<center>
    <h1>Text Chunking (Shallow Parsing) <h1>
</center >
Chunking is the process of extracting phrases (noun phrases, verb phrases, etc.)
from a sentence using POS tags.

This is a **classical NLP technique**, usually done with rule-based grammars.

In [1]:
import nltk
from nltk import word_tokenize, pos_tag, RegexpParser

In [2]:
nltk.download('punkt')
nltk.download('averaged_perceptron_tagger')

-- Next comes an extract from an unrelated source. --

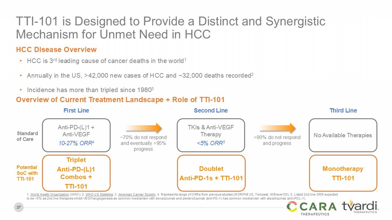 26 → → Ph 2: Danvatirsen (STAT3 ASO) + Durvalumab (ICI) in 2L HNSCC 2 % Change from Baseline 0 - 20 - 40 - 60 - 80 - 100 20 40 60 80 100 0 20 40 60 80 100 Weeks Danv . development suspended due to several limitations: • Observed AEs: Thrombocytopenia and transaminitis • Onerous dosing: IV 3x week 1 then Q weekly • Poor PD: Inhibition of STAT3 occurred only in stroma/TME, not in tumor Progressive Disease Stable Disease Partial Response Complete Response Not Evaluable POC Established for STAT3 Inhibition + ICI Strong Rationale for Combo Therapy with STAT3 TTI - 101 Dan+Durva 2 Durva 3 23% 9% ORR 7% 0% CR TTI - 101 additive to 1L SoC (ICI + Bev) 1 Preclinical Model 0 20 40 60 80 100 120 0 90 180 270 360 450 540 Days Sum of Targets Non-Target Lesion Progression due to non - target lesion New Response ICI + Bev Rechallenge Sum of Tumor Responses After ICI Failure, On TTI - 101 Therapy and After ICI+Bev Rechallenge 4 0 20 40 60 80 100 120 ICI Failure: Nivolumab 1 cycle Lesion Measurement (diameter long, mm) Phase 1 Trial Responder Overcame ICI Resistance After TTI - 101 Monotherapy 1. Adapted from Zhao, Y et. al. Hepatology 2021 ; 2. Cohen et al 2018 ; 3. Siu et al 2019 ; ICI: Immune Checkpoint Inhibition; Bev: Bevacizumab. Certain data on this slide are based on cross study comparisons and are not based on any head to head clinical trials. Cross study comparisons are inherently limited and may suggest misleading sim ilarities and differences. The values shown in the cross study comparisons are directional and may not be directly comparable. 4. Tsimberidou et al 2024 accepted in Clin Cancer Research TTI - 101 Treatment: 14 cycles

[nltk_data] Downloading package punkt to
[nltk_data]     C:\Users\Asus\AppData\Roaming\nltk_data...
[nltk_data]   Package punkt is already up-to-date!
[nltk_data] Downloading package averaged_perceptron_tagger to
[nltk_data]     C:\Users\Asus\AppData\Roaming\nltk_data...
[nltk_data]   Package averaged_perceptron_tagger is already up-to-
[nltk_data]       date!


True

In [3]:
sentence = "The quick brown fox jumps over the lazy dog"
tokens = word_tokenize(sentence)
tokens

['The', 'quick', 'brown', 'fox', 'jumps', 'over', 'the', 'lazy', 'dog']

In [4]:
# POS Tagging
pos_tags = pos_tag(tokens)
pos_tags

[('The', 'DT'),
 ('quick', 'JJ'),
 ('brown', 'NN'),
 ('fox', 'NN'),
 ('jumps', 'VBZ'),
 ('over', 'IN'),
 ('the', 'DT'),
 ('lazy', 'JJ'),
 ('dog', 'NN')]

In [5]:
# Define Chunk Grammar (Noun Phrase)
grammar = r"""
NP: {<DT>?<JJ>*<NN|NNS>}   # Noun Phrase
"""
chunk_parser = RegexpParser(grammar)

In [6]:
!pip install svgling



In [7]:
# Apply Chunking
chunk_tree = chunk_parser.parse(pos_tags)

In [None]:
chunk_tree.draw()

In [None]:
# Extract Chunks Programmatically
grammar_vp = r"""
VP: {<VB.*><NP|PP|CLAUSE>+$}
"""
vp_parser = RegexpParser(grammar_vp)
vp_tree = vp_parser.parse(pos_tags)
vp_tree

In [None]:
# Verb Phrase (VP) Chunking
grammar_all = r"""
NP: {<DT>?<JJ>*<NN|NNS>}
VP: {<VB.*><DT>?<JJ>*<NN|NNS>}
PP: {<IN><NP>}
"""
parser = RegexpParser(grammar_all)
tree = parser.parse(pos_tags)
tree.draw()

In [None]:
# Multiple Chunk Rules Together
grammar_all = r"""
NP: {<DT>?<JJ>*<NN|NNS>}
VP: {<VB.*><DT>?<JJ>*<NN|NNS>}
PP: {<IN><NP>}
"""
parser = RegexpParser(grammar_all)
tree = parser.parse(pos_tags)
tree.draw()


## Why Chunking?

- Helps in **information extraction**
- Used in **NER preprocessing**
- Improves **syntactic understanding**
- Lightweight & fast (rule-based)

Chunking ≠ Parsing  
Chunking ≠ NER